2. Introduce support for the new proxy and tunnel QP types.

This patch introduces the objects required by the master for managing
QP paravirtualization for guests.

struct mlx4_ib_sriov is created by the master only.
It is a container for the following:

1. All the info required by the PPF to multiplex and de-multiplex MADs
   (including those from the PF). (struct mlx4_ib_demux_ctx demux)
2. All the info required to manage alias GUIDs (i.e., the GUID at
   index 0 that each guest perceives.  In fact, this is not the GUID
   which is actually at index 0, but is, in fact, the GUID which is at
   index[<VF number>] in the physical table.
3. structures which are used to manage CM paravirtualization
4. structures for managing the real special QPs when running in SR-IOV
   mode.  The real SQPs are controlled by the PPF in this case.  All
   SQPs created and controlled by the ib core layer are proxy SQP.

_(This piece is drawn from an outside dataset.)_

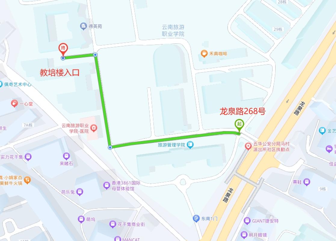 (一)应聘人员须携带身份证、面试通知书,在开考前提前45分钟到达昆明市龙泉路268号云南旅游职业学院教培楼入口处(如下图)进行点名,可乘坐129路、84路、9路、175路公交车在上马村站下车,从东南门进入云南旅游职业学院。
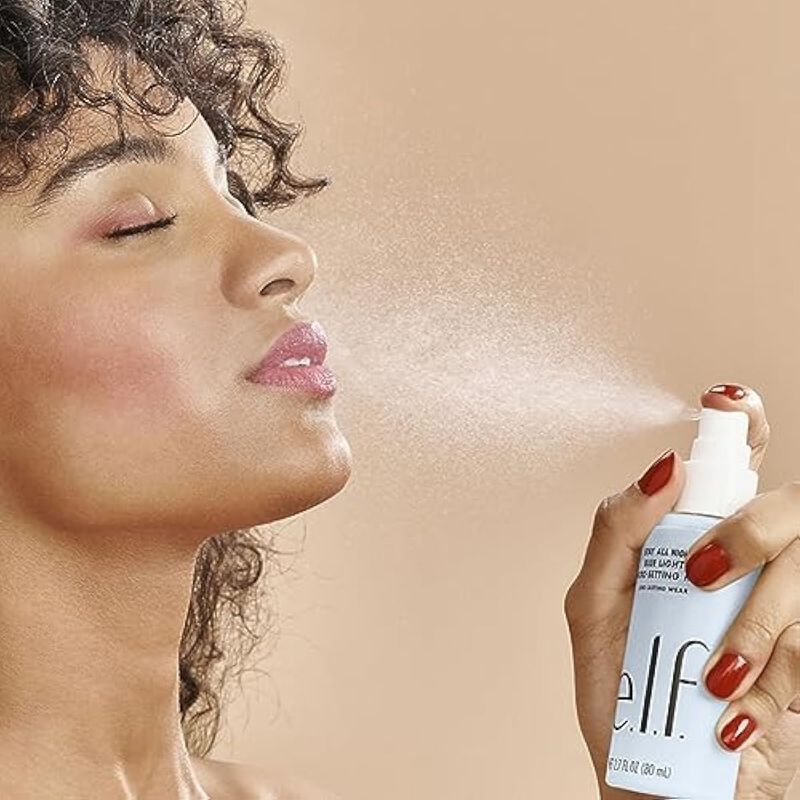 E.L.F. AEROSOL DE MICROAJUSTE Y REFRESCANTE DE LA PIEL CON LUZ AZUL PARA UN ACABADO MATE, REDUCE LA TRANSMISIóN, 2.7 ONZAS LíQUIDAS

struct mlx4_ib_demux_ctx contains the information per port needed
to manage paravirtualization:

1. All multicast paravirt info
2. All tunnel-qp paravirt info for the port.
3. GUID-table and GUID-prefix for the port
4. work queues.

struct mlx4_ib_demux_pv_ctx contains all the info for managing the
paravirtualized QPs for one slave/port.

struct mlx4_ib_demux_pv_qp contains the info need to run an individual
QP (either tunnel qp or real SQP).

Note:  We made use of the 2 most significant bits in enum
mlx4_ib_qp_flags (based on enum ib_qp_create_flags in ib_verbs.h).
We need these bits in the low-level driver for internal purposes.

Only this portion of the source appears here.